Differences between HW RAID and ZFS
Solution 1:
Hardware RAID vs ZFS doesn't make a lot of difference from a raw throughput perspective -- either system needs to distribute data across multiple disks, and that requires running a few bit shifting operations on cached data, and scheduling writes to underlying disks. Which processor you use for that hardly matters, and synthetic workloads like running dd
can't tell you much here.
The differences are in features:
Hardware RAID is usually just a block layer, perhaps with some volume management on top, while ZFS also includes a file system layer (i.e. there is no separation of concerns in ZFS). This allows ZFS to offer compression and deduplication, while that would be hard to get right on a block layer, but for use cases where you just want a set of simple 1:1 mappings, that additional complexity will still be there.
On the other hand, hardware RAID can offer battery backed write caches that are (almost) transparent to the operating system, so it can easily compensate for the overhead of a journaling file system, and data needs to be transferred out of the CPU only once, before adding redundancy information.
Both have their use cases, and in some places, it even makes sense to combine them, e.g. with a hardware RAID controller that offers a battery backed cache, but the controller is set to JBOD mode and only re-exports the constituent disks to the operating system, which then puts ZFS on top.
In general, ZFS alone is good for "prosumer" setups, where you don't want to spend money on hardware, but still want to achieve sensible fault tolerance and some compression, and where random-access performance isn't your primary concern.
ZFS on top of JBOD is great for container and VPS hosting -- the deduplication keeps the footprint of each container small, even if they upgrade installed programs, as two containers that have installed the same upgrade get merged back into one copy of the data (which is then again kept in a redundant way).
Hardware RAID alone is good for setups where you want to add fault tolerance and a bit of caching on the outside of an existing stack -- one of the advantages of battery backed write caches is that they are maintained outside of OS control, so the controller can acknowledge a transfer as completed as soon as the data has reached the caches, and if a write is superseded later, it can be skipped, and head movements can be scheduled system-wide ignoring dependencies.
The way journaling file systems work, they will first submit a journal entry, then as soon as that is acknowledged, submit the data and after that is acknowledged, another journal entry marking the first as complete. That is a lot of head movement, especially when the disks are shared between multiple VMs that each have their own independent journaling file system, and in a busy system, the caches allow you to skip about half of the writes, but from the point of view of the inner system, the journal still behaves normally and dependent writes are performed in order.

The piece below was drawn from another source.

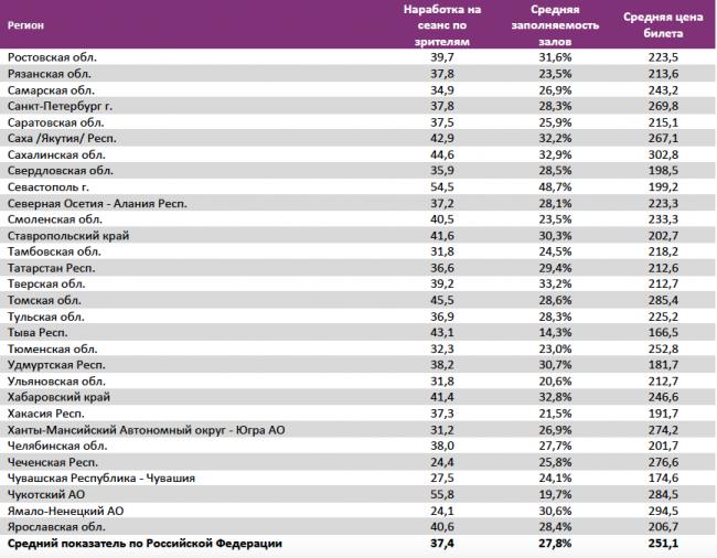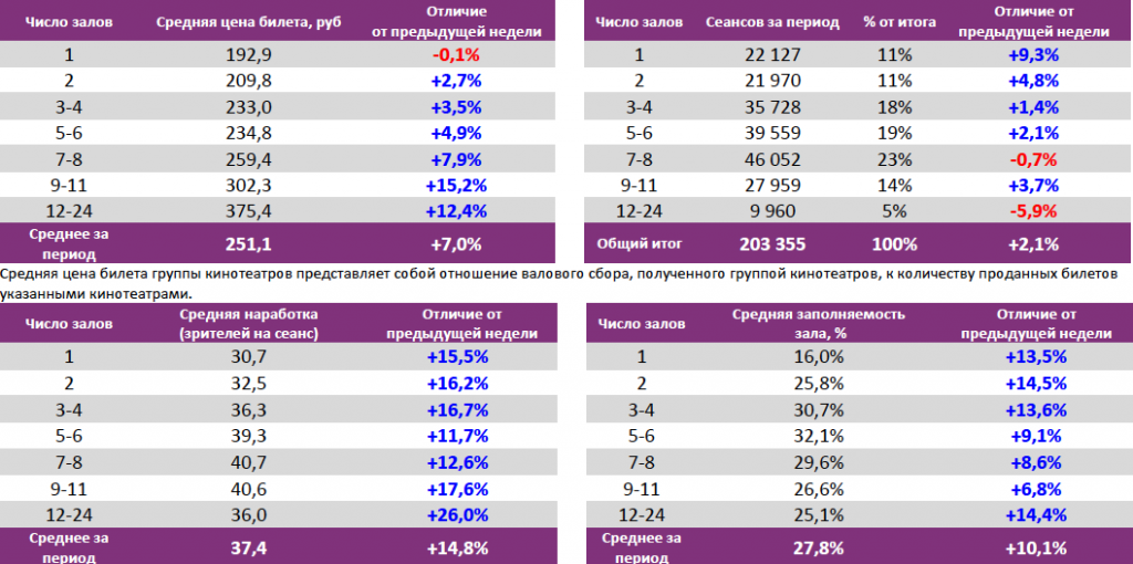 В отчётном периоде средняя цена билета составила 251 рубль. Средняя наработка на сеанс и заполняемость залов возросли до 37 зрителей и 28% соответственно.

The aspect of safely reordering dependent writes for more optimal head movements is why you want a hardware RAID at the bottom. ZFS generates dependent writes itself, so it can profit from hardware RAID too, but these are the performance bottleneck only in a limited set of use cases, mostly multi-tenant setups with little coordination between applications.
With SSDs, reordering is a lot less important, obviously, so the motivation to use hardware RAID there is mostly bulk performance -- if you've hit the point where memory and I/O interface speed on the mainboard are relevant factors, then offloading the checksum generation and transferring only a single copy one way vs multiple transfers from and to RAM (that need to be synchronized with all the other controllers in the same coherency domain) is definitely worth it. Hitting that point is a big "if" -- I haven't managed so far.
Solution 2:
Short answer... You can use hardware RAID where it makes sense.
It really depends on where you want your RAID protection to come from and where you want your volume management to come from.
For example, I use HPE ProLiant servers...
- I'm building a 100TB storage array today.
- This is going into an environment where there won't be regular IT staff or knowledgeable support.
- I'm using HPE SmartArray RAID to build this as a RAID 60 setup across 24 disks.
- I'll set the Smart array to carve out a 100GB RAID 60 volume for the OS and the remainder to the data volume.
- ZFS will be installed on top of the RAID block device presented to the OS (e.g. a single VDEV ZFS zpool)
The reasoning for this design is that HPE SmartArray hardware RAID is reliable and consistent in operation. It's easy to direct someone to replace a disk or to build automatic spares into that setup. Considering the location is unstaffed with IT resources, this make sense for manageability reasons.
I still get the benefit of ZFS volume management and caching, compression, performance, etc.
In a more controlled environment, I may instead set the controller in HBA mode and use raw disks for ZFS.